Dolayısıyla bilmem "Kimin" kıçında kıl olanların ne düşündüklerinden ziyade; üniversite mezunu, devlette önemli bir görevi ifa eden devlet memurunun ne düşündüğü çok daha önemlidir.

Böyle bir psikolojinin yaygın olduğu ortamda, demokrasi ve onun adına yapılan her türlü icraat sahici değil, aldatıcıdır; aynen 16 Nisan referandumunda olduğu gibi seçim sürerken gün ortasında kural değiştirilip, istenen sonucun elde edilmesinde olduğu gibi. Veya, bir muhalefet partisinin kendi içindeki değişim talebi muvaffak olursa "Başımıza bela olurlar" düşüncesiyle, devletin tüm imkanlarını kullanarak söz konusu partiyi devlet ve hükumet imkanları ile dizayn etme, değişime mani olma çabaları vs.

Demokrasinin nefes aldığı tüm delikler tıkanırsa; Oğlu kızı; gelini damadı; torunu akrabası devlet memuru olanlar ve tabii ki tüm devlet memurlarının kendilerini en rahat hissettikleri mekanlar "Ak Parti Devleti"ne bağlı mekanlar, birimler ve sivil toplum örgütleri ise, demokrasinin neyinden bahsedebiliriz ki. Ya devlete vergi ödeyen iş adamları, sermaye sahipleri bu psikolojik ortamda hangi şikayeti dile getirip, neyi talep edebilirler ki.

Efendim neymiş; "Millet seçiyor ya, size ne". Millet senin belirlediğin şartlar dahilinde düşünmek ve karar vermek durumunda bırakılıyorsa; elbette netice de senin istediğin şekilde çıkacaktır. Yahu sandıklarda görev yapan devlet memurları hükumete muhalif bir grubun resim karesinde, hükumet tehdidinden çekinerek yer almak istemiyorlarsa; bu hal demokrasi adına sözün bittiği anlamına gelmez mi.

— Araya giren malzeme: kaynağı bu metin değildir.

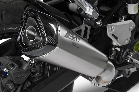 The Zard Titanium Slip-On for the Kawasaki Z900 is the perfect solution for those seeking improved performance, reduced weight, and a sporty, expressive sound. Handcrafted in Italy by Zard, this exhaust combines exclusive design, premium materials, and meticulous attention to detail. The silencer is made of titanium, with a carbon fiber end cap and titanium structure, offering a lightweight build and sporty look. The kit includes a removable dB-killer, allowing quick adaptation for either daily use or track riding. The system delivers a deep and aggressive sound that enhances the Z900s character. It is available in both racing and Euro 5 homologated versions, offering a sound level of 98 dB @ 4750 RPM. The Zard Slip-On improves the bikes performance and agility, weighing just 1.4 kg (3.1 lbs) compared to the 3.5 kg (7.7 lbs) of the stock exhaust, for a total weight saving of 2.1 kg (4.6 lbs). Installation is quick and plug & play, with no ECU remapping required. Made in Italy the ideal Slip-On for your Kawasaki Z900. NOTE: Carbon heat shield available as an optional accessory.

MHP de 2/3 delegenin noter tasdikli imzaları ile olağanüstü kongre gerçekleşmiş olsaydı ve yüzde yüze yakın ihtimalle parti yönetimi değişe bilseydi; AKP Kasım seçimlerinde azınlığa düşmeyecek miydi. Dolayısıyla yönetimi değişmiş yeni MHP referanduma gidilmesini istemeyecek ve parlamenter sistem de değişmeyecekti.

Vallahi sizleri bilemem ama ''Türkiye de demokrasi'' denenince; memokrasi, zartrokrasi, zurtrokrasi gibi şeyler geliyor aklıma.